Today I had the pleasure to visit my daughter’s fourth-grade classroom for some fun mathematical activities. The topic was Symmetry! I planned some paper-folding activities, involving hole-punching and cutting, aiming to display the dynamism that is present in the concept of symmetry. Symmetry occurs when a figure can leap up, transforming itself through space, and land again exactly upon itself in different ways. I sought to have the students experience this dynamic action not only in their minds, as they imagined various symmetries for the figures we considered, but also physically, as they folded a paper along a line of symmetry, checking that this fold brought the figure exactly to itself.
The exercises were good plain fun, and some of the kids wanted to do them again and again, the very same ones. Here is the pdf file for the entire project.
To get started, we began with a very simple case, a square with two dots on it, which the girls folded and then punched through with a hole punch, so that one punch would punch through both holes at once.
Next, we handled a few patterns that required two folds. I told the kids to look for the lines of symmetry and fold on them. Fold the paper in such a way that with ONE punch, you can make exactly the whole pattern.
Don’t worry if the holes you punch do not line up exactly perfectly with the dots — if the holes are all touching their intended target and there are the right number of holes, then I told the kids it is great!
The three-fold patterns are a bit more challenging, but almost all of the kids were able to do it. They did need some help punching through, however, since it sometimes requires some strength to punch through many layers.
With these further patterns, some of the folds don’t completely cover the paper. So double-check and make sure that you won’t end up with unwanted extra holes!
The second half of the project involved several cutting challenges. To begin, let’s suppose that you wanted to cut a square out of the middle of a piece of paper. How would you do it? Perhaps you might want to poke your scissors through and then cut around the square in four cuts. But can you do it in just ONE cut? Yes! If you fold the paper on the diagonals of the square, then you can make one quick snip to cut out exactly the square, leaving the frame completely intact.
Similarly, one can cut out many other shapes in just one cut. The rectangle and triangle are a little trickier than you might think at first, since at a middle stage of folding, you’ll find that you end up folding a shorter line onto a longer one, but the point is that this is completely fine, since one cut will go through both. Give it a try!
Here are a few harder shapes, requiring more folds.
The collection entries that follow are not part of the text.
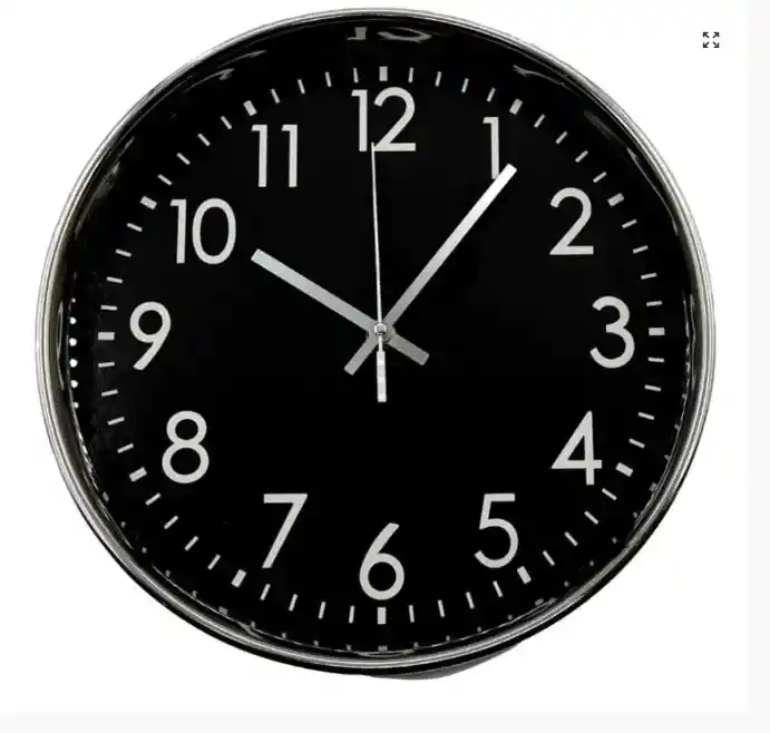Reloj de Pared Decorativo 12 Pulgadas Borde Blanco Reloj de Pared decorativo de 30 cm de diametro. Borde negro / Manecillas y números blancos. Material: Plástico. Ideal para la sala de estar, comedor, cocina, cafetería, restaurante, tiendas etc. No incluye pilas (1 x AA) .
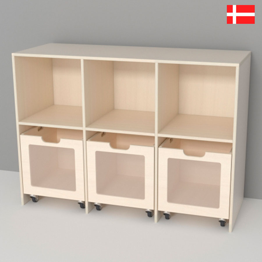 Reolen er uden bund hvor man tilkøber kasserne er på hjul – efter eget ønske med eller uden plexiglas. Eller med laminat på front og valgfri farve. (se link)
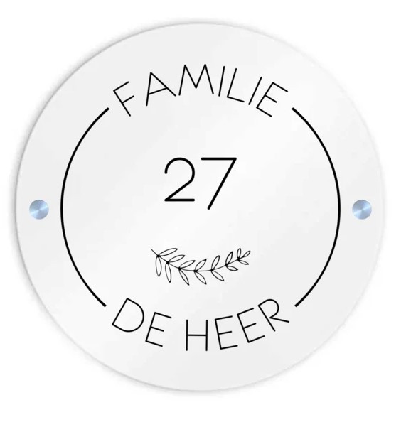 Rond wit Plexiglas naambordje 20cm
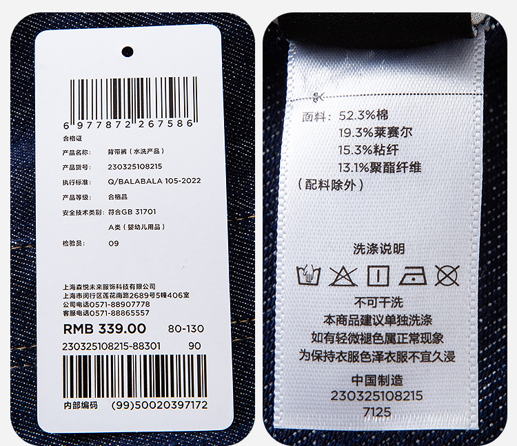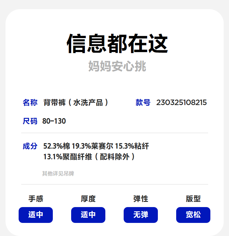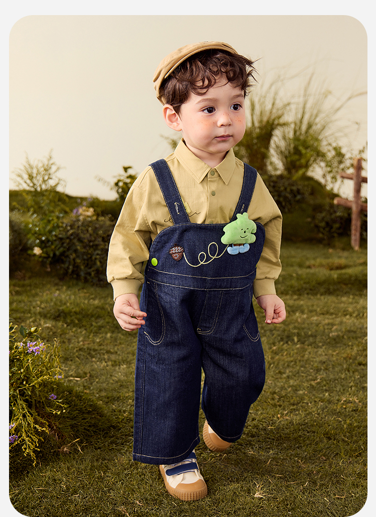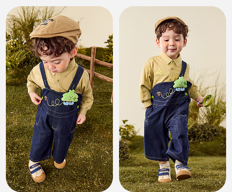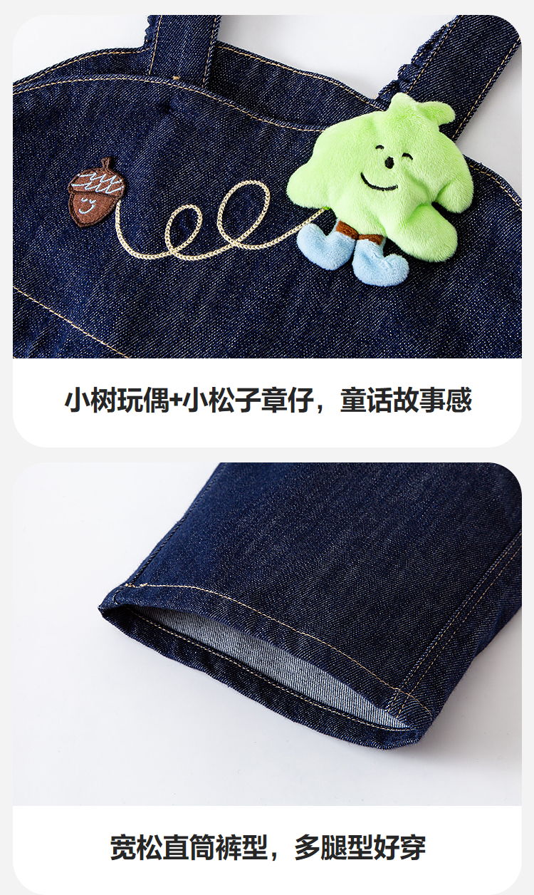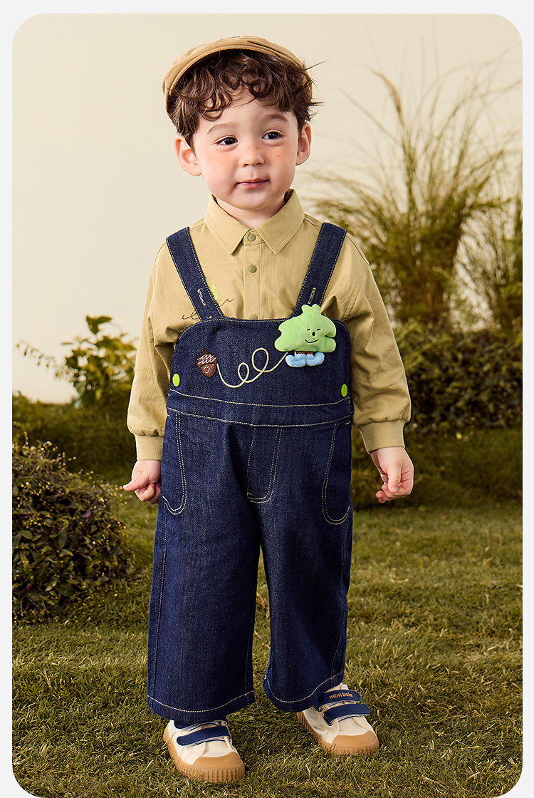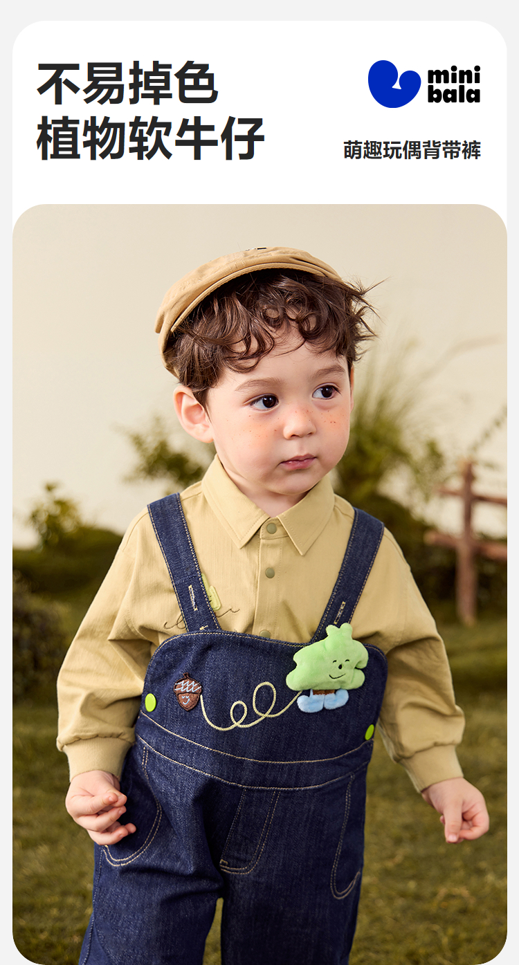 【软牛仔】迷你巴拉男女童裤子不易褪色宽松直筒裤宝宝背带裤
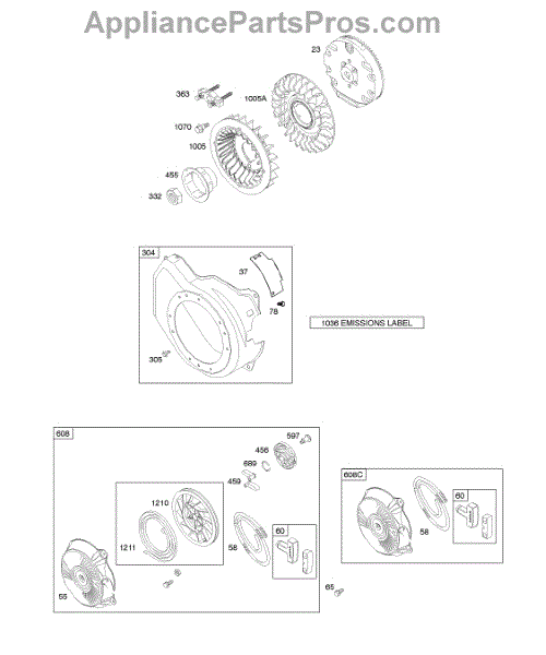 Parts for Briggs & Stratton 121A32-0101-E1: Blower Housing / Shrouds, Flywheel, Rewind Starter Parts
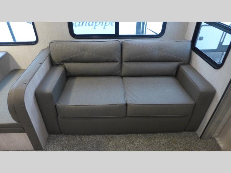 You will find the perfect balance of size, space, features, and luxury with any one of these Forest River Sandpiper fifth wheels! They are constructed with a welded aluminum framed vacuum bonded laminated superstructure, a cambered powder coated frame with rust prohibitor, and a fully enclosed underbelly to protect the units vitals during any season. The large tinted windows come with a 80/20 UV prohibitor and the unobstructed pass-through storage area is big enough to store all of your outdoor gear. You will be able to see clearly even outside at night with the porch light that has an interior switch and the One Touch Dometic electric awning with a LED light strip. The interiors are designed with modern décor, rustic wood plank linoleum, and stainless steel appliances. Don't pass up your chance to camp in true luxury, come find your model today!
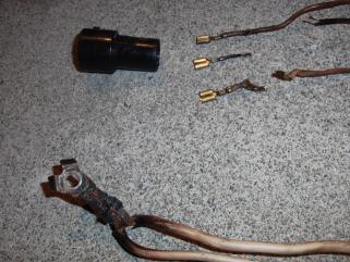 I'm stuck at what kind and size/gage wires to get??? I may save a little and use the same terminals, but only if I can open them up clean and it works out. The black clips seem to still be in good shape...
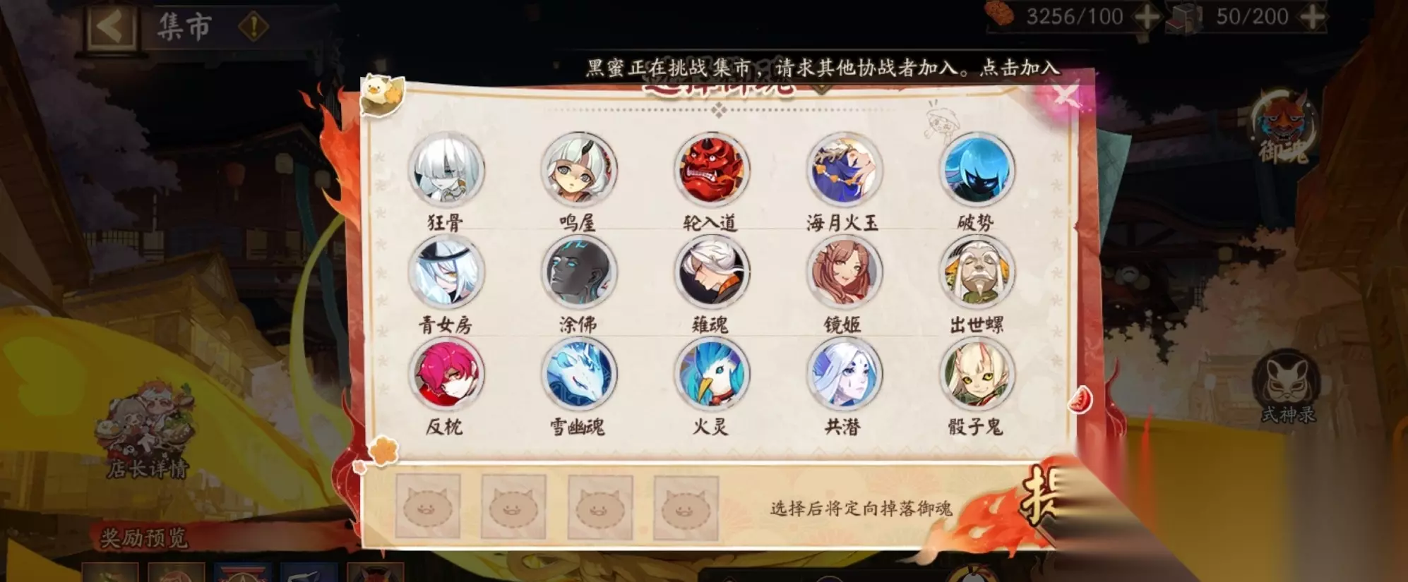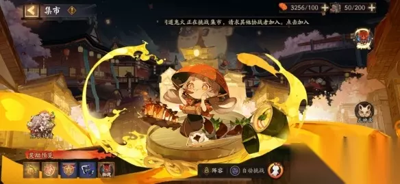 ※活动期间,每日凌晨0点会获得50个食盒,最多可存储200个食盒,超过存储上限的食盒将无法获得。 ※参与集市挑战需要消耗1个食盒,可享受「自选御魂」掉落加成,挑战成功有概率获得「千味福袋」、「玉食元宝」、「阴阳寮勋章」、「自选御魂」等奖励。 ※「阴阳寮勋章」每日最多可获得30个,当天新加入阴阳寮的阴阳师大人需要第二天后才能获得「 阴阳寮勋章」 ※阴阳师大人也可选择消耗6点体力挑战集市,不享受「自选御魂」掉落加成,仅概率掉落除了「首 领御魂」之外的「随机御魂」,挑战成功有概率获得「随机御魂」、「大蛇的逆鳞」、「四星青吉鬼」等奖励。 ※9月17日10:00绘卷活动开启后,参与集市挑战将额外概率掉落「绘卷碎片 」。 ※每日可消耗体力挑战集市999次。 ※店长食灵、店长饭笥在阴阳师大人挑战集市时出战,同时阴阳师大人还能最多出战5位式神。 ※店长食灵、饭笥的厨艺效果会对挑战集市的式神有增益效果,具体增益效果请到「店长养成」-「厨艺 」界面查看。 ※每日允许组队挑战集市100次,被邀请的玩家仅前10次有助战奖励。
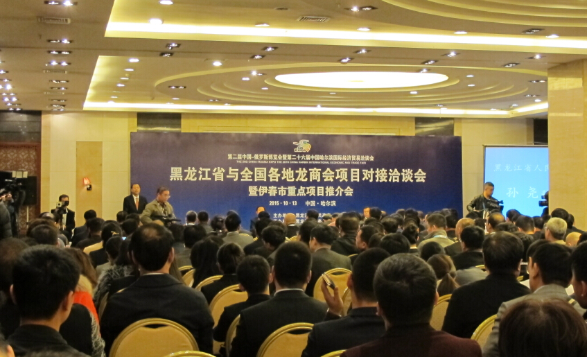 【香港商报讯】记者孙晶波、王秋媛:13日, 2015第二届中俄博览会期间,黑龙江省商务厅与伊春市人民政府共同举办了“黑龙江省与全国各地龙商会项目对接洽谈会暨伊春市重点项目推介会”。伊春市委副书记、市长李坤率市政府代表团在哈尔滨华旗饭店国际会议中心举行了专场推介活动。
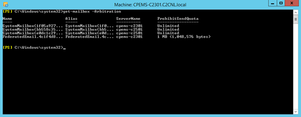 Get-Mailbox –Arbitration –Identity "FederatedEmail*"} | Set-Mailbox –Arbitration –ProhibitSendQuota 1MB
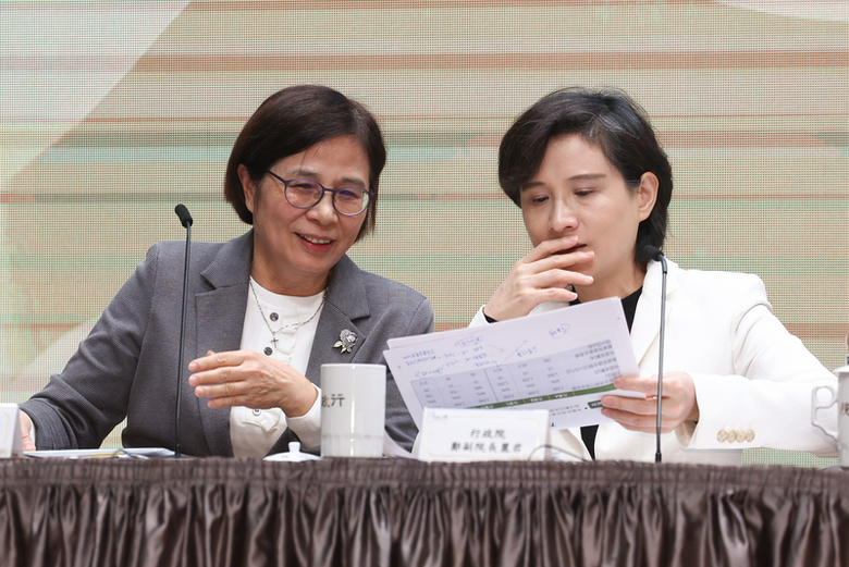 行政院20日舉行「台美關稅談判說明記者會」,擔任台灣談判代表的副院長鄭麗君(右)、政委楊珍妮(左)出席,兩人在會中針對報告內容交換意見。(中央社記者王騰毅攝)

It is an amazing mathematical fact, the fold-and-cut theorem, that ANY shape consisting of finitely many straight line segments can be made with just one cut after folding. Here are a few challenges, which many of the fourth-graders were able to do during my visit.
What a lot of fun the visit was! I shall look forward to returning to the school next time.
In case anyone is interested, I have made available a pdf file of this project. I would like to thank Mike Lawler, whose tweet put me onto the topic. And see also the awesome Numberphile video on the fold-and-cut theorem, featuring mathematician Katie Steckles.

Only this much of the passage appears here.